Rektor Universitas Muhammadiyah Malang, Profesor Doktor Nazaruddin Malik, juga menyampaikan ucapan terima kasihnya kepada Bupati Tabanan atas kesempatan yang diberikan kepada UMM untuk melaksanakan salah satu program unggulannya, yaitu Center of Excellence, bersama dengan penasihat dari UNESCO.

Program ini bertujuan memberikan terobosan bagaimana perguruan tinggi dapat memainkan peran kemasyarakatan yang lebih komprehensif.

Nazaruddin menjelaskan, Subak water system di Desa Bengkel dipilih karena Tabanan dikenal sebagai lumbung padi, baik di Bali maupun secara nasional.

Sistem tata kelola berbasis subak diperkenalkan dengan teknologi untuk menjaga lingkungan air yang baik.

“Mudah-mudahan ini bisa menjadi pelajaran dan menarik minat masyarakat, khususnya anak muda, untuk menjadi pelopor dalam membangun tanah air dengan kembali ke gaya lokal yang kokoh dan luhur sebagai upaya meningkatkan kualitas sektor pertanian agar produktivitasnya meningkat,” ujar Nazaruddin Malik.

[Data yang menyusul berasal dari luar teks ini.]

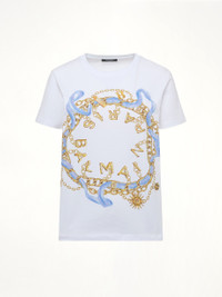 Balmain Paris Chain T-Shirt in White/Blue/Gold
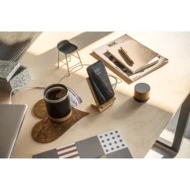Przenośny głośnik wykonany z ABS pochodzącego z recyklingu (100% rABS). Dzięki bezprzewodowej transmisji BT 5'3 posiada czytnik kart microSD, wyjście AUX 3.5 mm i automatyczne odtwarzanie przez port USB-A. Moc dźwięku 3 W i bateria 400 mAh zapewniają przybliżony czas pracy na baterii wynoszący 4h30. Umożliwia odbieranie połączeń dzięki wbudowanemu mikrofonowi, sterowanie głośnością i listą odtwarzania urządzenia mobilnego. W zestawie kabel USB-C do ładowania. Dostarczany w pudełku prezentowym z papieru kraft pochodzącego z recyklingu, które można ponownie wykorzystać jako uchwyt na smartfon. Jeśli nie wybrano personalizacji, kratka jest dostarczana luzem w pudełku upominkowym. Po przymocowaniu do głośnika kratki nie można ponownie zdjąć. Ponieważ produkt jest wykonany z naturalnych materiałów, kolor produktu oraz wynik drukowania mogą się różnić w zależności od produktu. ø60 x 52 mm | Box: 65 x 63 x 75 mm
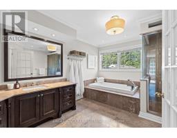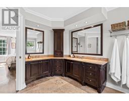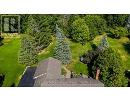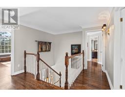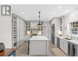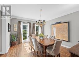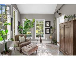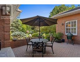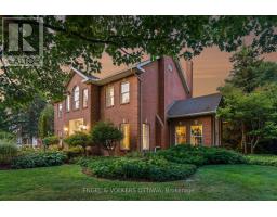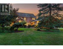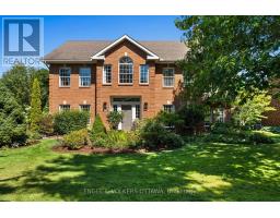 Poised on a serene ravine lot within the prestigious enclave of Manotick Estates, this beautiful Georgian-inspired all-brick residence embodies distinguished architectural character and timeless elegance. Upon entry, elevated ceiling heights, custom millwork, and a gracefully crafted hardwood staircase create an immediate sense of sophistication. The traditional cross-hall plan reveals a formal living room with soaring windows and an elegant gas fireplace, complemented by a grand dining room ideal for entertaining. At the heart of the home, the open-concept kitchen showcases bespoke Cabico cabinetry, quartz countertops, and premium stainless steel appliances. The adjoining breakfast area flows seamlessly into a warm and inviting family room, anchored by a handcrafted brick wood-burning fireplace of exceptional character. Extending from this space, a spectacular sunroom wrapped in floor-to-ceiling windows offers panoramic views of the landscaped grounds and private ravine setting. Thoughtfully designed, the layout also includes a charming side entrance with a covered porch, leading into a well-appointed mudroom and laundry area, along with a versatile office that could easily serve as a main floor bedroom. The home's upper storey is graced with an elegant and spacious primary suite, featuring a stunning ensuite with dual custom walnut vanities, a travertine glass shower, deep soaker tub, and heated flooring. Three additional bedrooms, each generously scaled and filled with natural light, share access to a beautifully appointed bathroom. The meticulously finished lower level presents a cozy family room with a striking feature brick wall, versatile flex rooms ideal for a gym or recreation space, abundant storage, and convenient direct access to the garage. Outdoors, the enchanting backyard evokes the charm of an English garden, with a serene courtyard, water features, and sweeping views of the private ravine lot, a perfect setting for future poolside living. (id:61594)
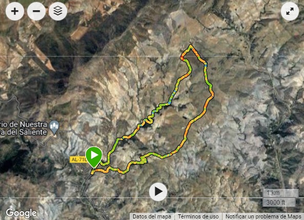 - A las 9:00 horas en Pool & Garden junto a la rotonda «Santuario del Saliente» (Albox, Almería). Desde aquí nos desplazaremos todos juntos hasta el punto de inicio de la ruta. Ver ubicación en Google Maps: clic aquí
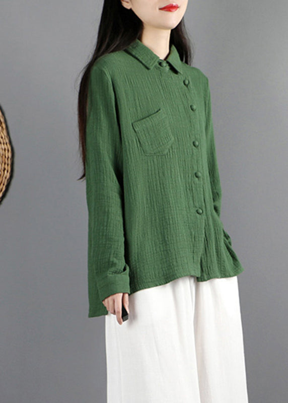 Casual Blackish Green V Neck Organza Patchwork Button Ramie Shirt Fall
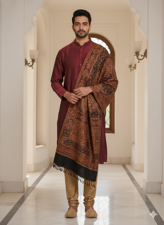 KPSH0131 Black Gold Shawl For Men

Pengakuan UNESCO ini menjadi bukti nyata bahwa upaya pelestarian budaya lokal dan penerapan teknologi modern dapat berjalan beriringan untuk mencapai tujuan pembangunan berkelanjutan di sektor pertanian.

Sanjaya berharap, ke depan lebih banyak masyarakat Tabanan, khususnya generasi muda, tetap menjaga kelestarian alam dan lingkungan sekitar, sehingga budaya subak sebagai dasar pertanian di Bali tetap lestari sebagai warisan budaya yang adiluhung.